* Task item:
Please copy exactly the part of the records below that opens with the line containing "今朝の学級遊び「みんなでたの" and closes with the line containing "[FarmStay] Wypełniacz do", leaving out any pictures.

* Records provided:
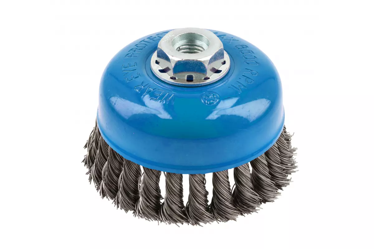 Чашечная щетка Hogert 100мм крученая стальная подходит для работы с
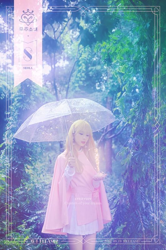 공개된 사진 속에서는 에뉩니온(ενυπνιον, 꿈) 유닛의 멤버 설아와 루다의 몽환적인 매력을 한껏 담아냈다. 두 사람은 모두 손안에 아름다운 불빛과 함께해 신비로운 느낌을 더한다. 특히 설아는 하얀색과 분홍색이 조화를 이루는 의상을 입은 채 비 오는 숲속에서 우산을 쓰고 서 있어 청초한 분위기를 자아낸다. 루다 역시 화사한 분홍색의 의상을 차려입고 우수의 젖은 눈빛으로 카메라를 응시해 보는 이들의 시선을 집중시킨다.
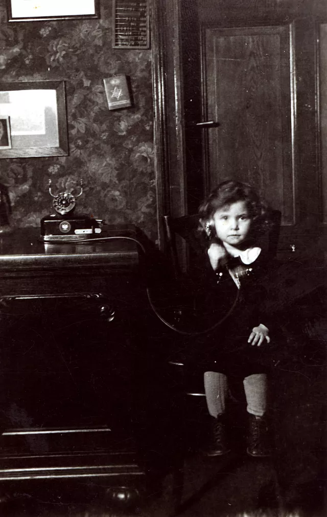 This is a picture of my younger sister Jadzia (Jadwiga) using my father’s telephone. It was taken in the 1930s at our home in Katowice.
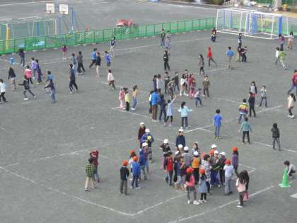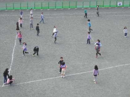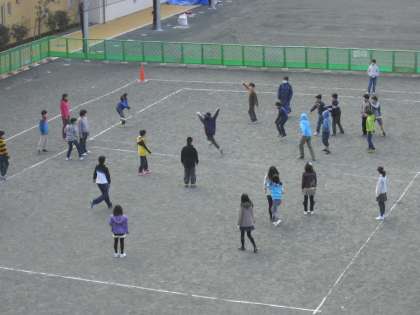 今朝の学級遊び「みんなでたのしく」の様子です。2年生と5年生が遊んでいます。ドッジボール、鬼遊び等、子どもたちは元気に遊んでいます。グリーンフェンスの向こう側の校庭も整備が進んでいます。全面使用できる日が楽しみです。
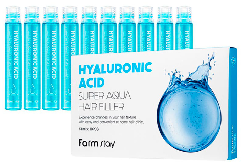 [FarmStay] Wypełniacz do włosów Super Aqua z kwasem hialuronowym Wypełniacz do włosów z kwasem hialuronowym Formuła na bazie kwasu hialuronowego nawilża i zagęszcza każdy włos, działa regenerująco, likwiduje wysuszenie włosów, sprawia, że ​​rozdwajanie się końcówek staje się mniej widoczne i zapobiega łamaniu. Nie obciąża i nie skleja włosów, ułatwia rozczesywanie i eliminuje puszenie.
---
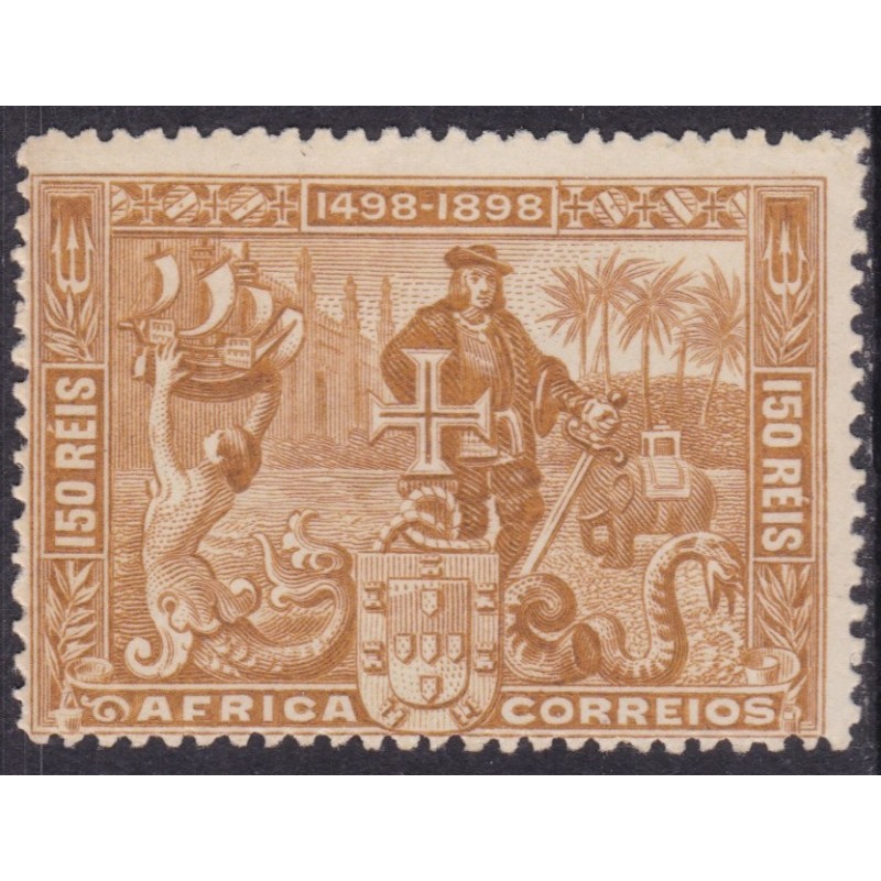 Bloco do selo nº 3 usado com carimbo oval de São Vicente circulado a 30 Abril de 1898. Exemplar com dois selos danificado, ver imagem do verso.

* Reply:
 今朝の学級遊び「みんなでたのしく」の様子です。2年生と5年生が遊んでいます。ドッジボール、鬼遊び等、子どもたちは元気に遊んでいます。グリーンフェンスの向こう側の校庭も整備が進んでいます。全面使用できる日が楽しみです。
 [FarmStay] Wypełniacz do włosów Super Aqua z kwasem hialuronowym Wypełniacz do włosów z kwasem hialuronowym Formuła na bazie kwasu hialuronowego nawilża i zagęszcza każdy włos, działa regenerująco, likwiduje wysuszenie włosów, sprawia, że ​​rozdwajanie się końcówek staje się mniej widoczne i zapobiega łamaniu. Nie obciąża i nie skleja włosów, ułatwia rozczesywanie i eliminuje puszenie.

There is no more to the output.